Records excerpted from a collection:
● ● ●

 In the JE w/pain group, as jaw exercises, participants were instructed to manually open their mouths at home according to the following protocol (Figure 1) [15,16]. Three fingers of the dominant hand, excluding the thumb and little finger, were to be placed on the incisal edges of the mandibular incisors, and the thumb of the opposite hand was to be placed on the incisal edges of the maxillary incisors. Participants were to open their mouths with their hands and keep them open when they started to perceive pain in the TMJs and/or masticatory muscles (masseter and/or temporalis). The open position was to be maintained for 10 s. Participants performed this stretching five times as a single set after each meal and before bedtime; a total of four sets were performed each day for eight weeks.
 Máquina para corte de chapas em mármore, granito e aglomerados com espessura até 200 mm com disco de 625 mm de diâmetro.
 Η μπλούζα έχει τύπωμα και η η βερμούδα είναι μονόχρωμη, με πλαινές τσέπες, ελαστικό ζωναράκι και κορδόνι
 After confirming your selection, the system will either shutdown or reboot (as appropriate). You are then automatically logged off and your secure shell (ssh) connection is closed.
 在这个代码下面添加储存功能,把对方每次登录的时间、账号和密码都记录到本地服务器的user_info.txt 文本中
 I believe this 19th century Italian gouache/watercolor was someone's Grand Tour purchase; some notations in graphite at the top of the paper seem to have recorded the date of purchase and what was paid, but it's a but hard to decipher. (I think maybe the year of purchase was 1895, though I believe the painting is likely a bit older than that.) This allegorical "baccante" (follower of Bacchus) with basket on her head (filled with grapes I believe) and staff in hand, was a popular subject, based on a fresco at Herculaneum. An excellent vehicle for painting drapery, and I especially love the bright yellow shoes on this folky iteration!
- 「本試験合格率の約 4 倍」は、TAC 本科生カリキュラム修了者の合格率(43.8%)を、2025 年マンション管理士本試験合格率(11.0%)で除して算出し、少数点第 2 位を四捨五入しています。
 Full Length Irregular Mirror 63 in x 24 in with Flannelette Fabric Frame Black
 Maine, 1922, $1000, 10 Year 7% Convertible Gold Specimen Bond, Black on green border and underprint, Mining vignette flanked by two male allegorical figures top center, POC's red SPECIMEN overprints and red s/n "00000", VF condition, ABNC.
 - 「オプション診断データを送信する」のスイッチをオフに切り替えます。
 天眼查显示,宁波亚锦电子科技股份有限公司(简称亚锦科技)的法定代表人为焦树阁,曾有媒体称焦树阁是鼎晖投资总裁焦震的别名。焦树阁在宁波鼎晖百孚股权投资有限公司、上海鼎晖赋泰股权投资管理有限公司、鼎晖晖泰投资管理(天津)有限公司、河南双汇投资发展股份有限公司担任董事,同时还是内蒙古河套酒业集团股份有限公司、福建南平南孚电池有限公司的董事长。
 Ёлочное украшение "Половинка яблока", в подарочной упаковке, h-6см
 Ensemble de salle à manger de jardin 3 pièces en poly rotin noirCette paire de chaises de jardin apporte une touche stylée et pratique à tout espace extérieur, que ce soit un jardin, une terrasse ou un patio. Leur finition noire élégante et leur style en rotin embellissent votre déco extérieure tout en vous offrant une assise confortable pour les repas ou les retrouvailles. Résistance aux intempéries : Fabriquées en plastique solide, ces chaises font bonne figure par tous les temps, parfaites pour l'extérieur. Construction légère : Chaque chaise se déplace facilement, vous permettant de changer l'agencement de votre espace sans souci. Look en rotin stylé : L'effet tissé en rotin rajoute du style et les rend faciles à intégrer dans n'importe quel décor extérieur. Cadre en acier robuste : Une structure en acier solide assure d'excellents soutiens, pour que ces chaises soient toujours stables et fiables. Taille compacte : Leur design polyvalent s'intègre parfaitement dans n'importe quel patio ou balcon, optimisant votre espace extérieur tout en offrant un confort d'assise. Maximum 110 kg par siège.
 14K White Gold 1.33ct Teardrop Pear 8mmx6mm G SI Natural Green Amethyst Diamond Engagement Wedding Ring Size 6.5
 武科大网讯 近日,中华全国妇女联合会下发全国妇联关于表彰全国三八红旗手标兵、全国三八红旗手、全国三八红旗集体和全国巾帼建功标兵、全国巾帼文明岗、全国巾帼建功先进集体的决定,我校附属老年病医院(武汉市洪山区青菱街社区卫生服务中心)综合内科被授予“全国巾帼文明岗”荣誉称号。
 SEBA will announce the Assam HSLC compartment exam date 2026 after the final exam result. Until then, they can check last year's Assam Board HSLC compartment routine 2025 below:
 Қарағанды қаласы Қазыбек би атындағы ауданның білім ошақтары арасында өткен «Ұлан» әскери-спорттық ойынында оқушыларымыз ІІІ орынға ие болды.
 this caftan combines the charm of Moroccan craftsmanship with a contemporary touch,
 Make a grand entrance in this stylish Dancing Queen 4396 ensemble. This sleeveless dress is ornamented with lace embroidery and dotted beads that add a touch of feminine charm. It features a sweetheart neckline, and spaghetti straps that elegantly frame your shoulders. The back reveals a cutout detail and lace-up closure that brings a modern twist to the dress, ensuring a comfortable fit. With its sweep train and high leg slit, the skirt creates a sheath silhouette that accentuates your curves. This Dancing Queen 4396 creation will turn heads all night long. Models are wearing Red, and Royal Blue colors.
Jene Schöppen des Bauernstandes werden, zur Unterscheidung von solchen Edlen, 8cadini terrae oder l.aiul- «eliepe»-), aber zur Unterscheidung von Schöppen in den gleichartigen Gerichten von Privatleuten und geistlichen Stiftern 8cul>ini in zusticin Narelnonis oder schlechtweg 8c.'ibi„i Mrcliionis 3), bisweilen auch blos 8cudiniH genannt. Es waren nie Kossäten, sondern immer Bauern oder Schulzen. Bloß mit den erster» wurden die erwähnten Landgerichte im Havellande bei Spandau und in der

● ● ●

Work instructions: Say how many lines of the entries above hold the string "charm", and say nothing besides the number.

Your solution: 2